“I find that I cannot exist without poetry – without
eternal poetry – half the day will not do – the whole of it – I began with a
little, but habit has made me a Leviathan.”
What moves
Keats to such a gleeful declaration? The
poet was twenty-one and had already reached his adult height of five feet – a
modest Leviathan, more Pip than Moby-Dick. His finest poems are two years in
the future, his death less than four. He begins writing a letter to his friend John Hamilton Reynolds on this date, April 17, in 1817, and completes it
the following day. Reynolds was a poet, playwright and journalist who for
several years worked as clerk for a London insurance company, the marvelously
named Amicable Society for Perpetual Assurance,
which nicely encapsulates the role Reynolds played in Keats’ life.
Earlier in the letter, written from
Carisbrooke on the Isle of Wight, Keats tells Reynolds he found a portrait of
Shakespeare hanging in the inn where he stayed. “Well—this head I have hung
over my books.” Many of us do this. Propped on my shelves are postcards of
Chekhov, Ulysses Grant and Louis Armstrong – tutelary spirits. Keats’ first
Shakespeare allusion is unannounced: “I see Carisbrooke
Castle from my window, and have found several delightful wood-alleys, and
copses, and quick freshes.” In The Tempest (Act III, Scene 2), Caliban
chirps:
“What a pied ninny’s this! Thou scurvy patch!
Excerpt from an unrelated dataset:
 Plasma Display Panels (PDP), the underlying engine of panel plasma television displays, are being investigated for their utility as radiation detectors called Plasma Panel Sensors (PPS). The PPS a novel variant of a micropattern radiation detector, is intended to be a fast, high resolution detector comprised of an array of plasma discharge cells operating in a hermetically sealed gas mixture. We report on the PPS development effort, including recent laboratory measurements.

I do beseech thy greatness, give him blows
And take his bottle from him: when that's gone
He shall drink nought but brine; for I'll not show him
Where the quick freshes are.”
I do beseech thy greatness, give him blows
And take his bottle from him: when that's gone
He shall drink nought but brine; for I'll not show him
Where the quick freshes are.”
The meaning is apparent from
context but the OED gives “of water:
Not salt or bitter; fit for drinking.” Clean water, unpolluted, potable. Though
young, Keats has absorbed Shakespeare, sees with his eyes, hears with his ears.
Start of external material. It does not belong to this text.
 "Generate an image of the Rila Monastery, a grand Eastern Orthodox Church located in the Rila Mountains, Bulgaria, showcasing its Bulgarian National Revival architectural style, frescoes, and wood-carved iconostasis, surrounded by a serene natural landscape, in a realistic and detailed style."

Two lesser references follow, from A
Midsummer Night’s Dream and The Merry
Wives of Windsor. Again, Keats makes no big show of his
Shakespeare-suffused sensibility:
“The wind is in a
sulky fit, and I feel that it would be no bad thing to be the favorite of some
Fairy, who would give one the power of seeing how our Friends got on, at a
Distance - I should like, of all Loves, a sketch of you and Tom and George [Keats’
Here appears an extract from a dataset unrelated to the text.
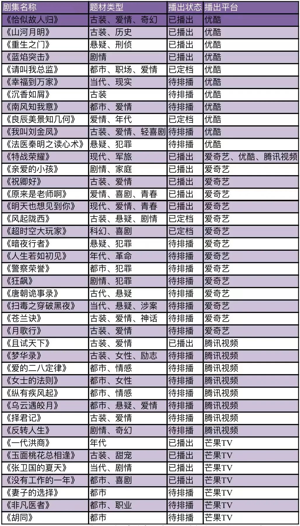整体来看,Q2剧集类型也非常多元。首先,在年代剧领域,各平台也有布局Q2芒果TV推出年代历史剧《一代洪商》,该剧讲述了20世纪民国至抗战时期,湘商艰难支撑国家半壁江山的家国故事,爱奇艺则有年代革命剧《人生若如初见》,优酷则拿出古装历史剧《山河月明》。其次,军旅题材重回观众视线,讲述“兵王成长之路”的《特战荣耀》军旅题材外,Q2有可能上线由张若昀、白鹿、王景春呈现平凡基层民警故事的《警察荣誉》。另外,女性题材有望在Q2上线的有腾讯的《女士的法则》和优酷的《她们的名字》;都市爱情剧的储备也很丰富,例如《爱的二八定律》《南风知我意》《请叫我总监》等。

brothers] in ink which [Robert] Haydon will do if you tell him how I want them.”
Finally, Keats writes: “From want of regular rest, I have been rather narvus -
and the passage in Lear -- `Do you not hear the Sea?’ -- has haunted me
intensely.” The allusion is to Act IV, Scene 6, Edgar’s cruel charade to
Gloucester: “Hark, do you hear the sea?” He includes a new sonnet, “On the Sea,”
and returns to Shakespeare the following day:
“I'll tell you what
- on the 23rd [of April] was Shakespeare born - now if I should receive a
letter from you and another from my Brothers on that day ’twould be a parlous
good thing. Whenever you write say a word or two on some Passage in Shakespeare
that may have come rather new to you, which must be continually happening, not
withstanding that we read the same Play forty times.”
Which he surely
had. Only at this point in his letter does he declare to Reynolds: “I find I
cannot exist without Poetry.”
1 comment:
I used to provoke students by saying that all great poetry was religious. Is Keats saying the same when he refers to poetry as "eternal", or does he mean only ever-present? If the former, then it seems to be a disqualification of the gushing kind that plays with sound and is rooted only in the self.